What does that mean, Wade said.

Well, the doctor said. She said that a lot. Well. Like she was buying herself time, like maybe she could just wait and the appointment would end without her having to deliver bad news. And then she explained what the test results meant and what would come next. What supplements they might try. A low-fat diet might work. There’s some research there. And it might even help with your knee, Wade. She spoke to Wade but would occasionally look to Ruby who had her eyes squinted and her mouth pursed as if she were in deep contemplation. When she was finished she told Ruby she could put her clothes back on and they could schedule a follow-up with the front desk. Then she left.

Wade stood and collected Ruby’s clothes from the counter in the corner and brought them to her. He undid the knot on the back of the gown, and then together in a kind of graceless dance they slowly worked her into her pants, Ruby leaning on her husband’s shoulder while he squatted and turned and moved the denim over her swollen knees.
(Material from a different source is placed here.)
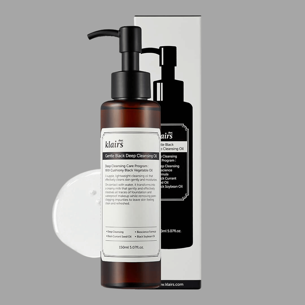 Product recommendation: Klairs Gentle Black Deep Cleansing Oil is formulated with black sesame oil, black currant seed oil, and jojoba oil, providing deep hydration for dry skin types. Its gentle formula effectively removes makeup and impurities, leaving the skin feeling nourished and moisturized.

She sat back down to put on her shirt but she did not need his help. Then she gathered her purse and they left the room without speaking.
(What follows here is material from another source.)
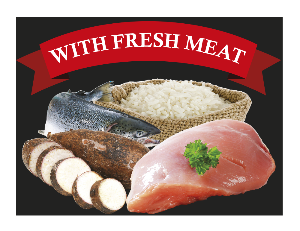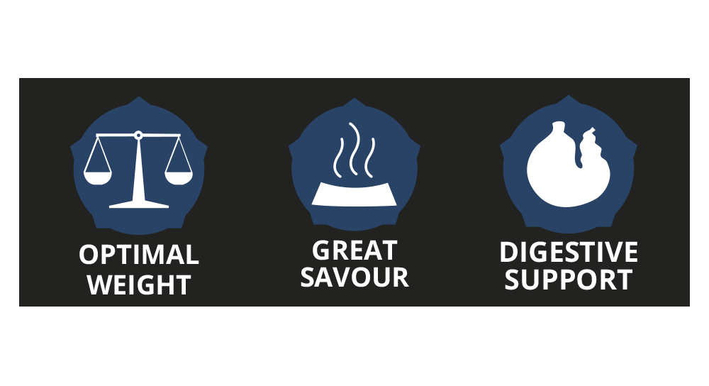 Състав: дехидратирано птиче месо (25%), ориз (23%), царевица, пресни домашни птици (10%), животински мазнини, фруктоолигозахариди – FOS, целулоза, сушена цикория, масло от сьомга, дрождеви екстракти, растения (псилиум, розмарин, невен, куркума), юка шидигера.

When they got in the car she said, Take me by Middleway.

Where, Wade said.

The school.

Now why would you want to go there.

I want to remember it, she said. I don’t think I’ll see it again.

There won’t be anyone there.

That’s fine, she said. That’s better.

He left the parking lot and turned down by the highway. When they passed over Winchester she said, Turn around. I want to take Winchester.

He did not reply. He turned the car around and they went back and stopped at the light.

This is how I used to go, every morning, she said.

This intersection wasn’t here though, Wade said. You had to go up Poplar a ways and cut back.

At the train tracks.

Yes. At the train tracks.

The light changed and they turned and started down the road. They went past the new construction apartment complexes and shopping strips, unfamiliar places. After a while the old city started to come up around them, old buildings and decayed storefronts. They were mostly silent but occasionally Ruby would speak up and point at stores she liked or restaurants she wanted to go back to.

When they got to the school Wade pulled into the front parking lot and parked facing the building.

This isn’t how I remember it, Ruby said.

It’s how I remember it, Wade said. They might’ve touched up the paint. Replaced the windows. The sign in the front is new.

Go over there, Ruby said and pointed to the side lot.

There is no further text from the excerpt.